# [Task details]
Your answer must be an exact copy of the lines below, from the first through the one with "13.- Al dar", with no pictures.
[Opening Records provided section]
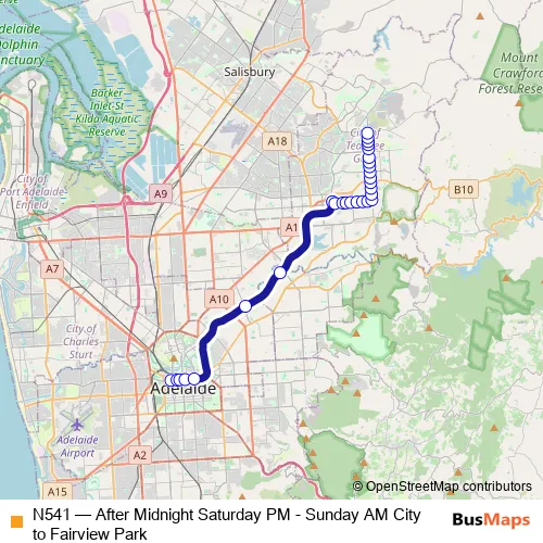 See why over 2 million users trust and consider busmaps.com as the best public transport website. busmaps gives you Adelaide Buses suggested routes, real-time bus tracker, line route maps in Adelaide, and helps to find the closest N541 bus stops near you. No internet available? Download an offline PDF map and bus schedule for the N541 bus to take on your trip.
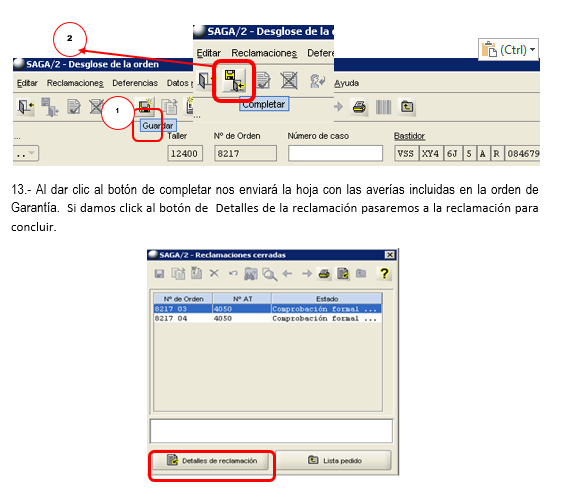 13.- Al dar clic al botón de completar nos enviará la hoja con las averías incluidas en la orden de Garantía. Si damos click al botón de Detalles de la reclamación pasaremos a la reclamación para concluir.
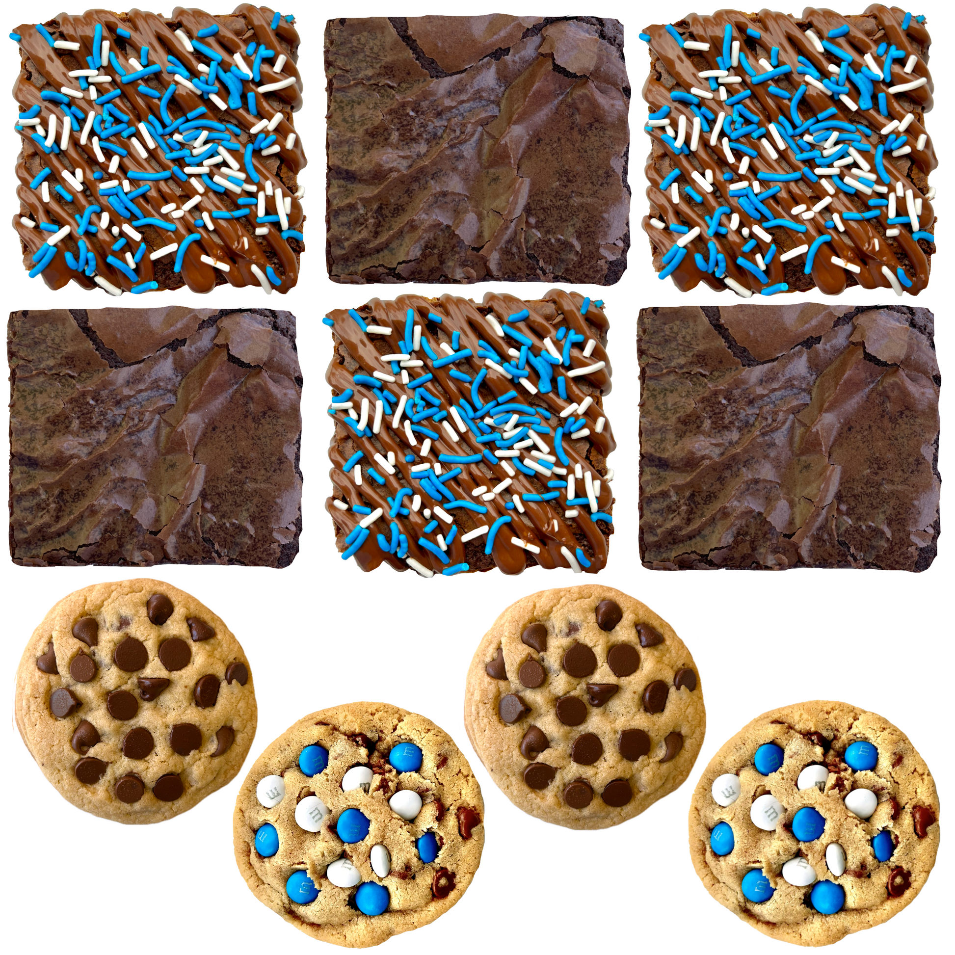 Our Royal Blue Box comes with a mix of 4 cookies and 6 brownies themed in royal blue and white to create an incredibly stunning (and absolutely delicious) box of goodies! Each large cookie is approximately 4” in diameter, jam-packed with a TON of chocolate, hand-rolled and perfectly baked with a chewy center & chewy edge! We hand-top half the cookies with M&M's (ordered straight from the factory) and the other half with chocolate chips. Each decadently large brownie is approximately 3" by 3” and filled with a layer of rich chocolate fudge running through the center. Specifically, the Royal Blue Box comes with 2 M&M cookies, 2 chocolate chip cookies, 3 classic brownies, and 3 sprinkle brownies.
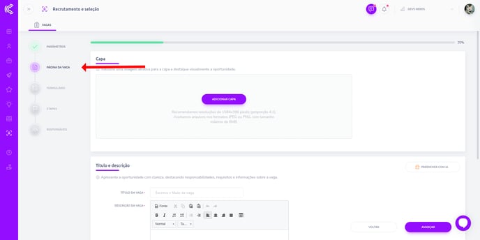 • Upload da capa: opcional, mas deixa a vaga mais atrativa.
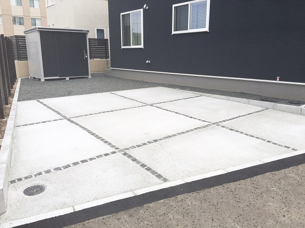 路盤 駐車スペースにはコンクリート土間を敷き、 仕切にピンコロ石のブラックを使うことで お家のデザインとの統一感を出しています。 玄関ポーチの前はアスファルトを敷き、ポーチの個性を 引き出せるようにシンプルな施工にしています。
[Closing Records provided section]
# [Answer box]
 See why over 2 million users trust and consider busmaps.com as the best public transport website. busmaps gives you Adelaide Buses suggested routes, real-time bus tracker, line route maps in Adelaide, and helps to find the closest N541 bus stops near you. No internet available? Download an offline PDF map and bus schedule for the N541 bus to take on your trip.
 13.- Al dar clic al botón de completar nos enviará la hoja con las averías incluidas en la orden de Garantía. Si damos click al botón de Detalles de la reclamación pasaremos a la reclamación para concluir.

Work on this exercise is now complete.